Michal Kazior <michal.kazior@xxxxxxxxx> · Tue, 8 Mar 2016 08:41:13 +0100

On 7 March 2016 at 19:28, Dave Taht <dave.taht@xxxxxxxxx> wrote:
> On Mon, Mar 7, 2016 at 9:14 AM, Avery Pennarun <apenwarr@xxxxxxxxx> wrote:
>> On Mon, Mar 7, 2016 at 11:54 AM, Dave Taht <dave.taht@xxxxxxxxx> wrote:
[...]
>>> the underlying code needs to be striving successfully for per-station
>>> airtime fairness for this to work at all, and the driver/card
>>> interface nearly as tight as BQL is for the fq portion to behave
>>> sanely. I'd configure codel at a higher target and try to observe what
>>> is going on at the fq level til that got saner.
>>
>> That seems like two good goals.  So Emmanuel's BQL-like thing seems
>> like we'll need it soon.
>>
>> As for per-station airtime fairness, what's a good approximation of
>> that?  Perhaps round-robin between stations, one aggregate per turn,
>> where each aggregate has a maximum allowed latency?
>
> Strict round robin is a start, and simplest, yes. Sure.
>
> "Oldest station queues first" on a round (probably) has higher
> potential for maximizing txops, but requires more overhead. (shortest
> queue first would be bad). There's another algo based on last received
> packets from a station possibly worth fiddling with in the long run...
>
> as "maximum allowed latency" - well, to me that is eventually also a
> variable, based on the number of stations that have to be scheduled on
> that round. Trying to get away from 10 stations eating 5.7ms each +
> return traffic on a round would be nicer. If you want a constant, for
> now, aim for 2048us or 1TU.

The "one aggregate per turn" is a tricky.
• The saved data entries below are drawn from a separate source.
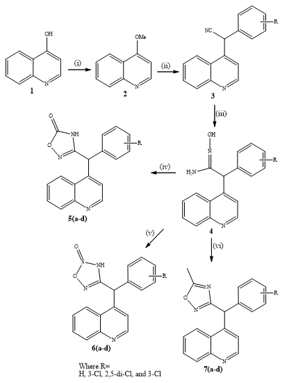 Synthesis of 5-methyl-3-(phenyl(quinolin-4-yl)methyl)-1,2,4-oxadiazoles 7(a-d)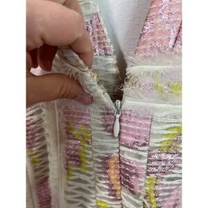 Dennis Basso Metallic Floral Plunge Gown Maxi Dress Formal Runway Evening Sz S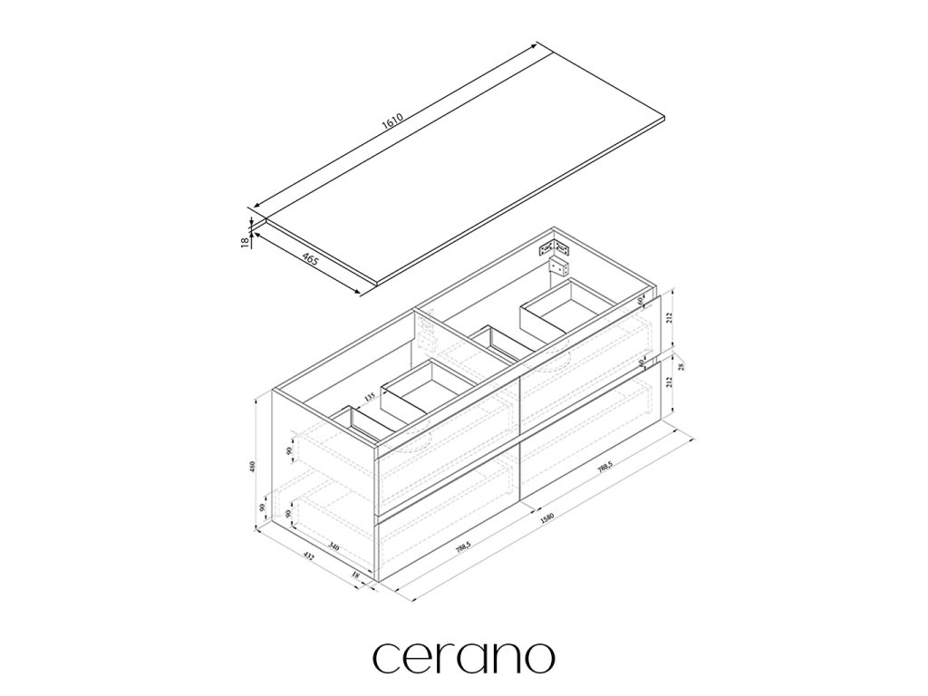 V rámci této série nabízíme širokou škálu rozměrů, abychom uspokojili různé potřeby našich zákazníků. Všechny koupelnové skříňky značky Cerano jsou navrženy tak, aby byly plně kompatibilní s deskami a umyvadly Cerano ve stejných rozměrech, což zajišťuje bezproblémovou instalaci a dokonalé sladění.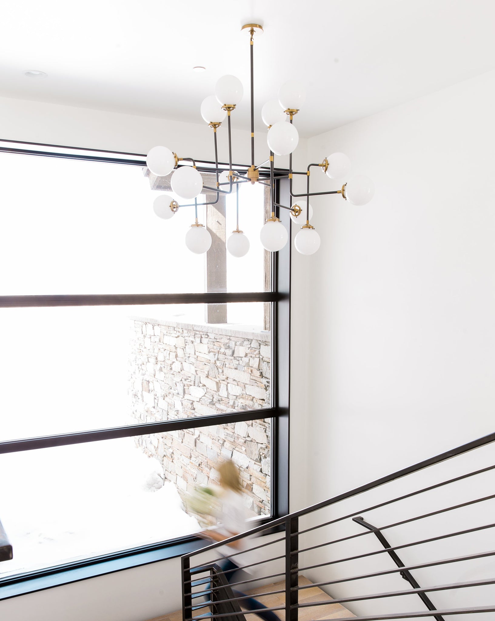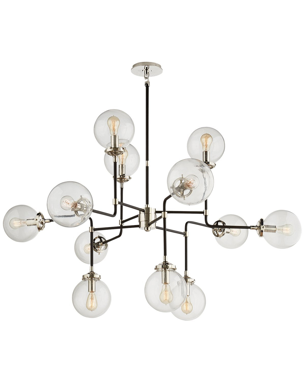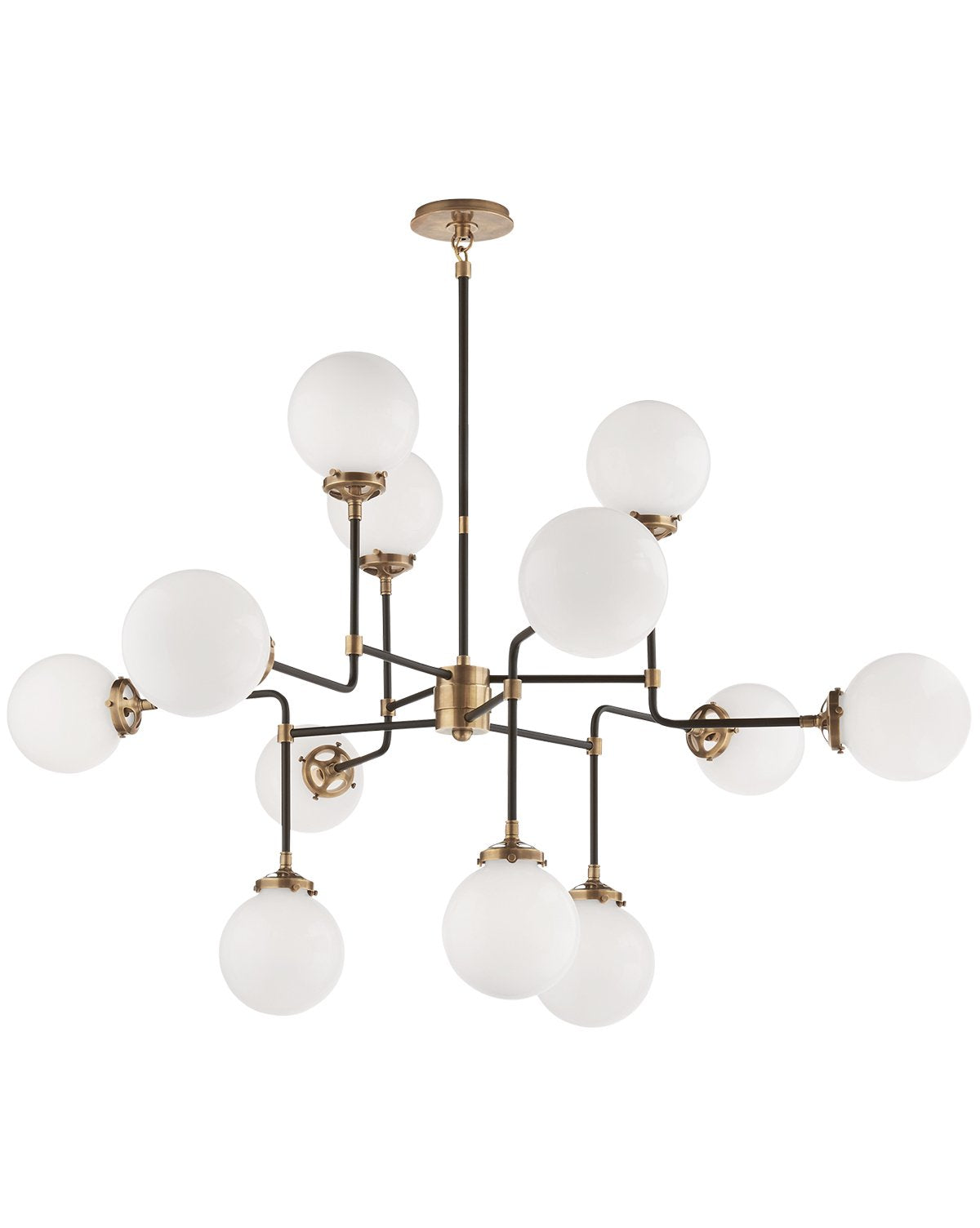 The mid-century modern feel that this bistro light gives off will really make a statement in your home. Each of its hand-rubbed antique brass and black strong arms has a white glass globe that will brighten your room.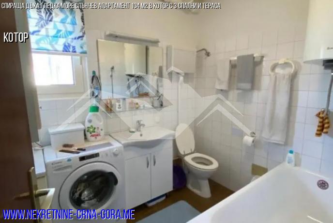 За продажба се предлага голям слънчев апартамент в Котор с 3 спални, едната с изглед към залива

I guess you can guarantee this sort of thing on ath9k/mt76.

This isn't the case for other drivers, e.g. ath10k has a flat tx
queue. You don't really know if the 40 frames you submitted will be
sent with 1, 2 or 3 aggregates. They might not be aggregated at all.

Best thing you can do is to estimate how much bytes can you fit into a
txop on target sta-tid/ac assuming you can get last/avg tx rate to
given station (should be doable on ath10k at least).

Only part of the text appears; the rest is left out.